It has been observed, especially after upgrading CA PAM to versions 4.0.X and 4.1.X that there are frequent disconnections taking place
The session logs often contain lines like the following
PAM-UPD-0014: Primary network storage for session recording is down
followed a few seconds later with a message indicating the storage is back up
Looking at the system logs, in kernel.log (accessible by Broadcom Support only) there are frequent error messages like
Jun 18 08:17:43 XXXXX kernel: nfs: server 1.2.3.4 not responding, timed out
However apparently there is no error in the NFS side
Releases 4.0.X and 4.1.X
The root cause for this problem is unclear and likely environmental.
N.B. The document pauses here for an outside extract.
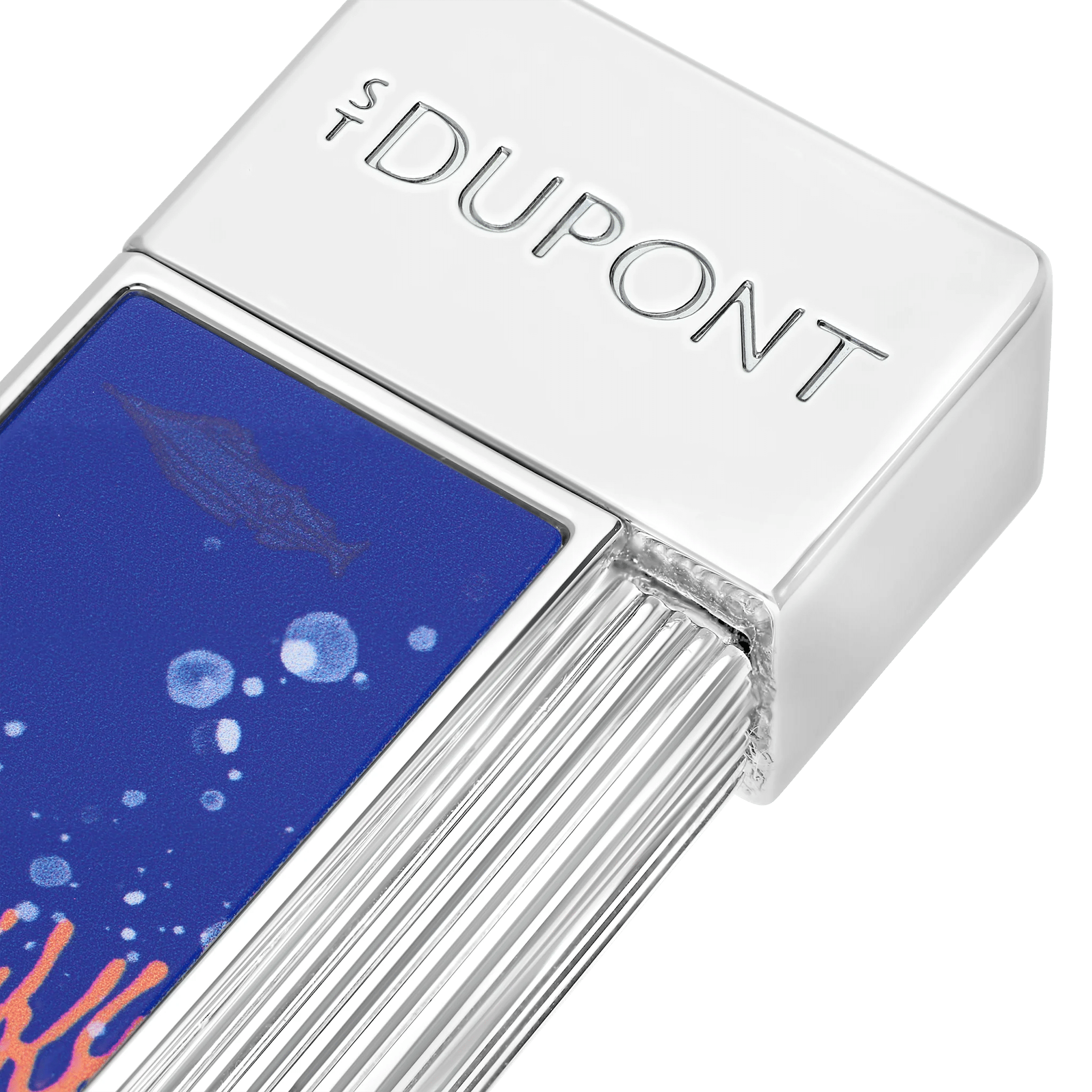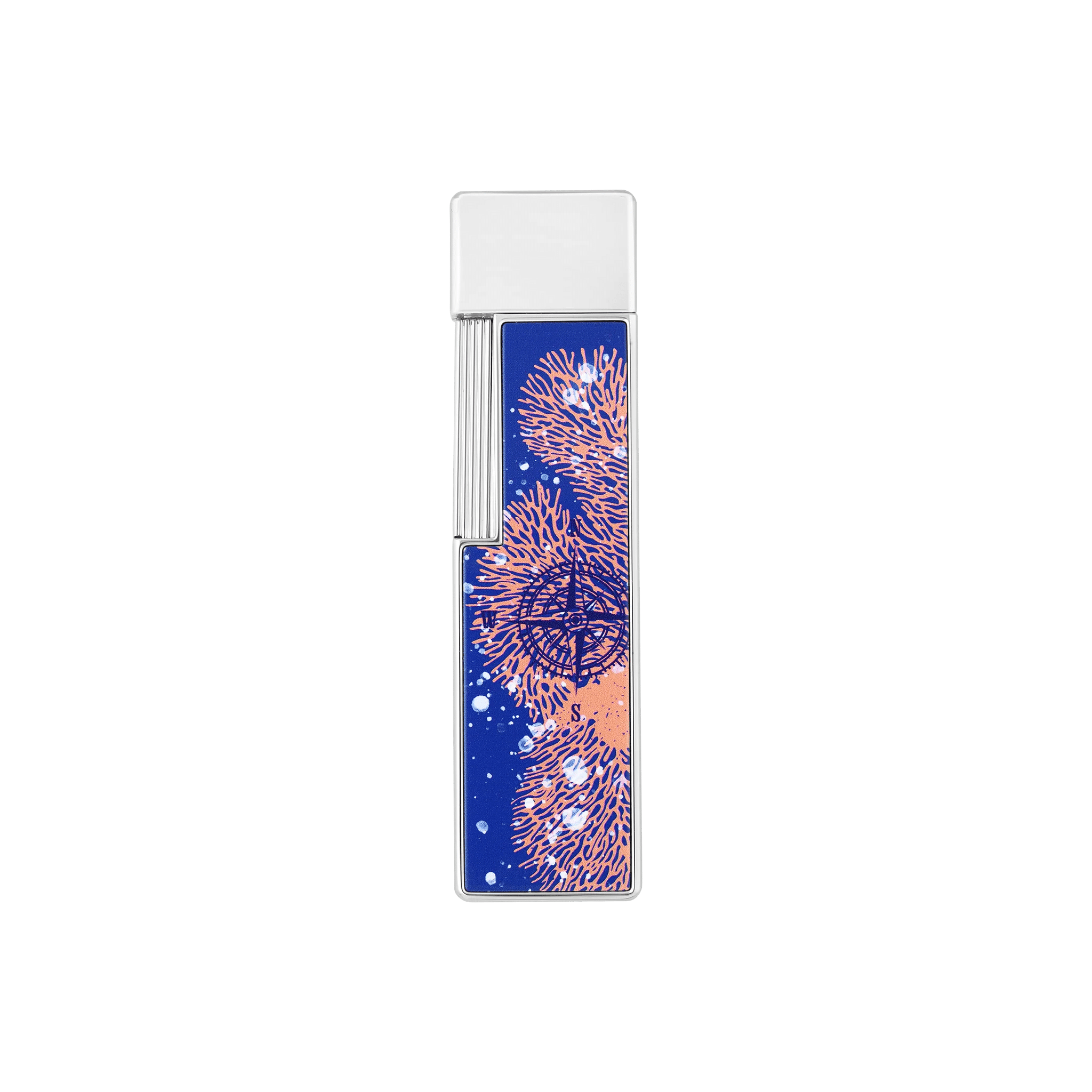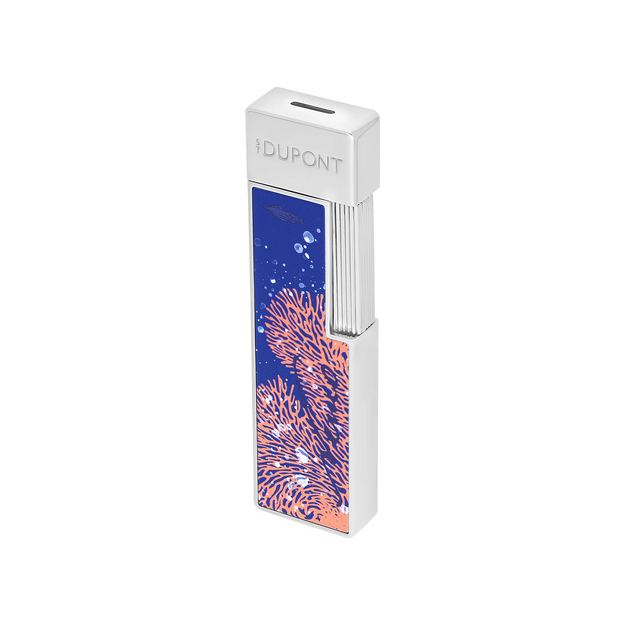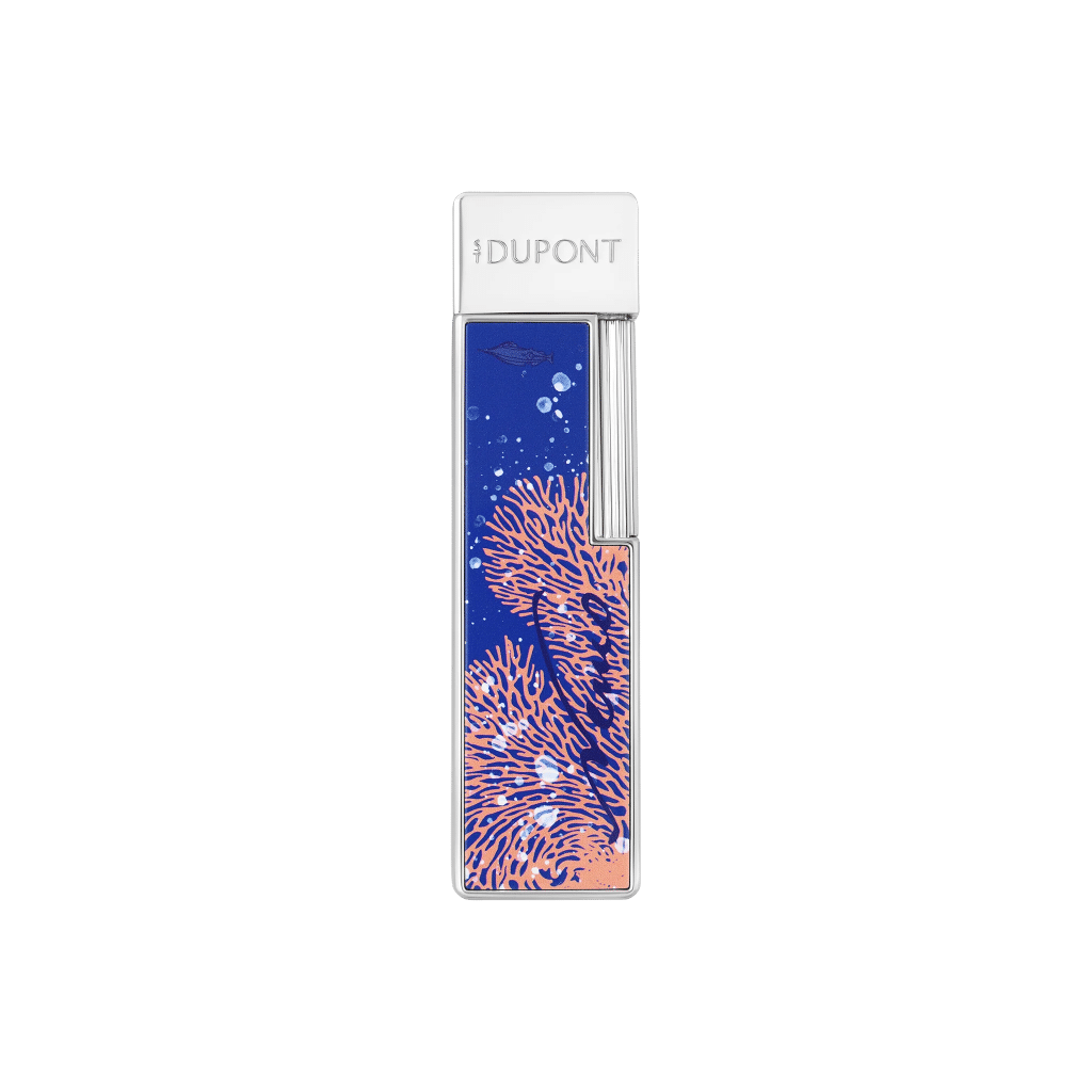Tribute to the captivating universe of 20,000 leagues under the seas, this limited edition expresses all the know-how of S.T. Dupont. Published in 1870, the novel recounts the journey of three castaways captured by Captain Nemo, this mysterious inventor who travels the seabed aboard the Nautilus, submarine very ahead of the technologies of the time. Portholes, turbines, corals, fins and other tentacles of giant squid inspire this limited edition and its three ranges, all related to different chapters of the book. A story in three stages in which to dive with passion. ‘Vanikoro’ is named after its pattern ‘corals’. In the chapter of the same name, Captain Nemo and his three companions dock on the island of Vanikoro, surrounded by an incredible barrier reef. Twiggy lighter in shiny blue lacquer, with the Vanikoro decoration. Chrome finish. Equipped with a 1 cm blue torch flame, ideal for lighting candles or cigarettes.

However, PAM will negotiate when establishing the NFS mount, what NFS version to use
If it can, PAM will attempt to mount the remote system by using NFS version 4, which works differently from lower versions
Please see
https://datatracker.ietf.org/doc/html/rfc7530
for the specification in version 4, and
https://datatracker.ietf.org/doc/html/rfc1813
for the version 3 specification
Sometimes this causes stability problems (for example stale client id) or any other factor linked to the NFS version.
Another thing to consider is that by default the nfs timeout set in versions 4.0.X and 4.1.X set 60 tenths of a second which is way too low and very different from the default 600 tenths of a second.
Broadcom Support can help testing if this is a problem of NFS side by mounting manually the nfs folder or tuning its options inside the appliances. That will require ssh access and opening a ticket in support.
Other than that, the simplest way to test this is to request the NFS server administrator to set the version supported in it to maximum version 3. In this way, when PAM attempts to mount the remote share, it will be forced to do so in version 3
The nfs timeout should also be modified to version 3